▶ **Exercise materials**
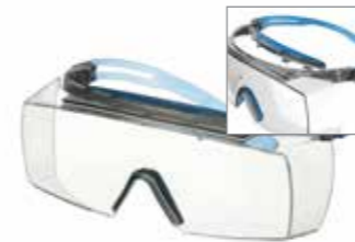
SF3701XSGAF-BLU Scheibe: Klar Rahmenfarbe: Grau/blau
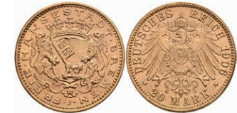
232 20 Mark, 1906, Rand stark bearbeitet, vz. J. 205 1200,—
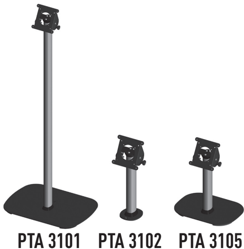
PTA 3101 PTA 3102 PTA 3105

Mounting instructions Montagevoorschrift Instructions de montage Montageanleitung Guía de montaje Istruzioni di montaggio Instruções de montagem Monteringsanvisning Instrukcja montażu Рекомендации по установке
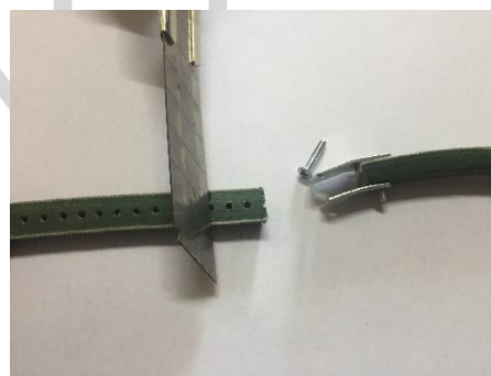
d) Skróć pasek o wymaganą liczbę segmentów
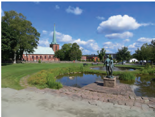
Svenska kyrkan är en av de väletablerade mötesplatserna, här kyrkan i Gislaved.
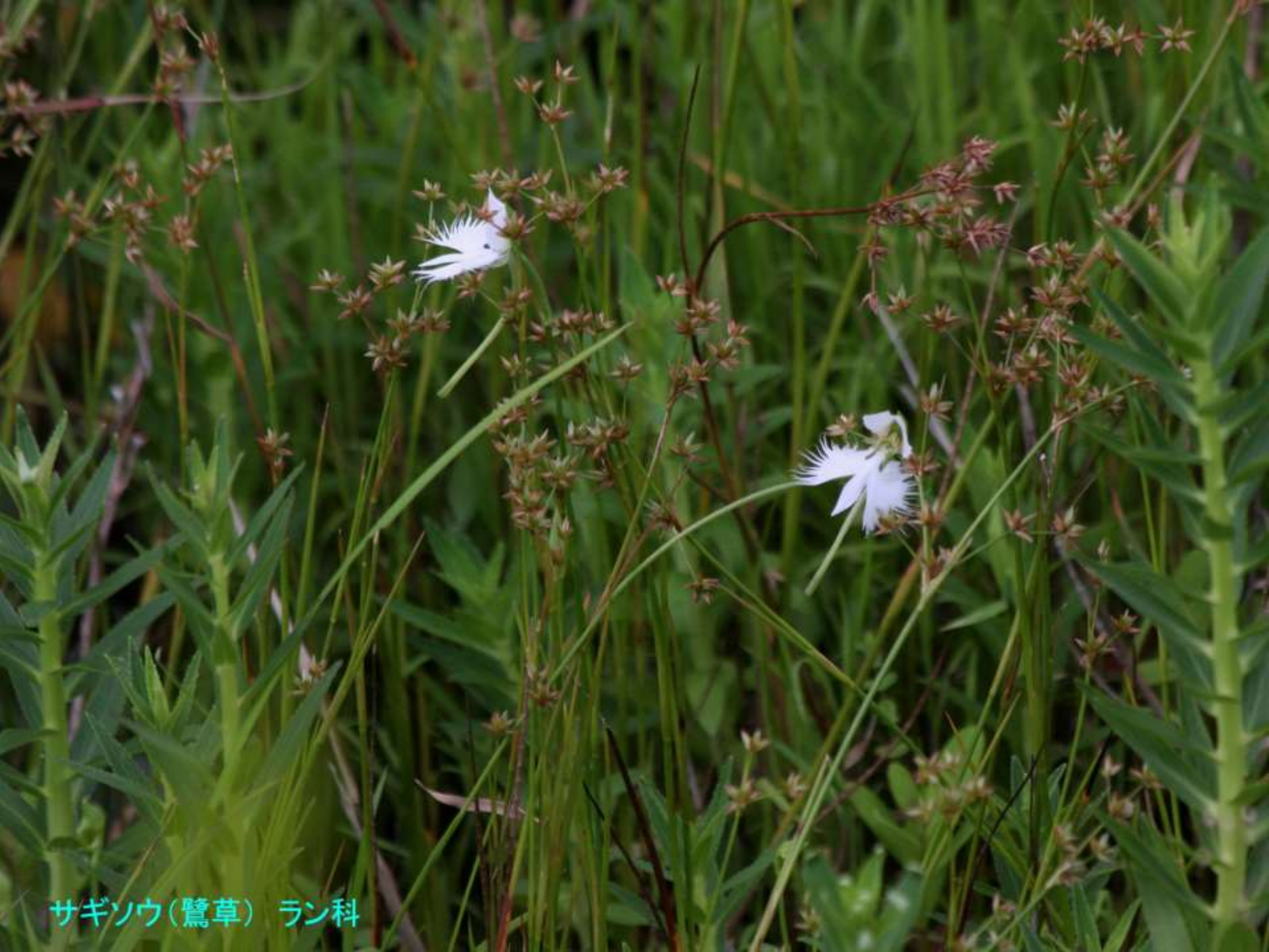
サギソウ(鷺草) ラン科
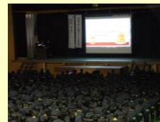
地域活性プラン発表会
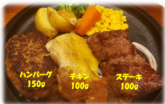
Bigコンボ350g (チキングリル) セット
* * *
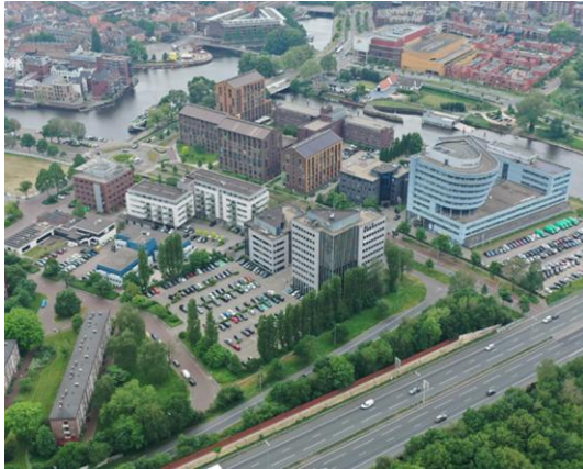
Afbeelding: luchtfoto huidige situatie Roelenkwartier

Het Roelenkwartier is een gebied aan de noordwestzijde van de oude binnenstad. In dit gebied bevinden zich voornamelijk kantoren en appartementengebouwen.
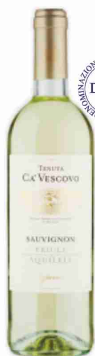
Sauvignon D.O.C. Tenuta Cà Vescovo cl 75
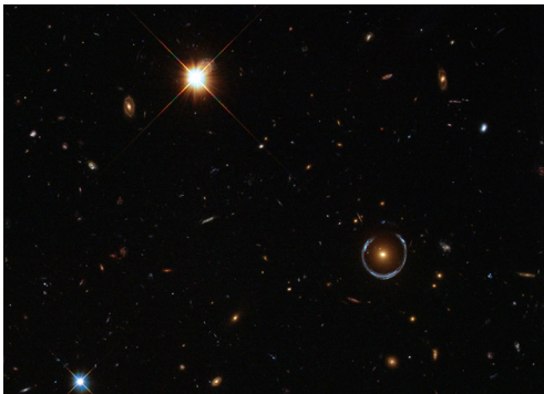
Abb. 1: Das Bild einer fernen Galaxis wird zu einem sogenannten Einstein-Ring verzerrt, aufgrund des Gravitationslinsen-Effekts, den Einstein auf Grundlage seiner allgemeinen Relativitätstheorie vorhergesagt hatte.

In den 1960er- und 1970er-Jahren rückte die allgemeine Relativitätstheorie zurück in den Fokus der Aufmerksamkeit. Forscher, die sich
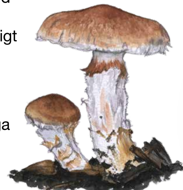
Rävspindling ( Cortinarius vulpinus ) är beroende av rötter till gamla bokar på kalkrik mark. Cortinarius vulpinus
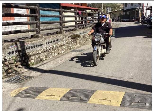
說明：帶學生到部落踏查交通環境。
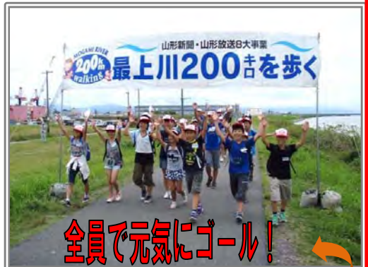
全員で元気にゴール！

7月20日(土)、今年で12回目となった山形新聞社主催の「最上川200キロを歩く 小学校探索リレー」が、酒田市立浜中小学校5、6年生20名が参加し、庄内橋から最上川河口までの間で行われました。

▶ **Instructions for the task**
Your answer must be everything above from the line with "SF3701XSGAF-BLU Scheibe: Klar" down to the line with "PTA 3101 PTA 3102 PTA 3105", word for word, and no pictures.

▶ **Response to the exercise**
SF3701XSGAF-BLU Scheibe: Klar Rahmenfarbe: Grau/blau
232 20 Mark, 1906, Rand stark bearbeitet, vz. J. 205 1200,—
PTA 3101 PTA 3102 PTA 3105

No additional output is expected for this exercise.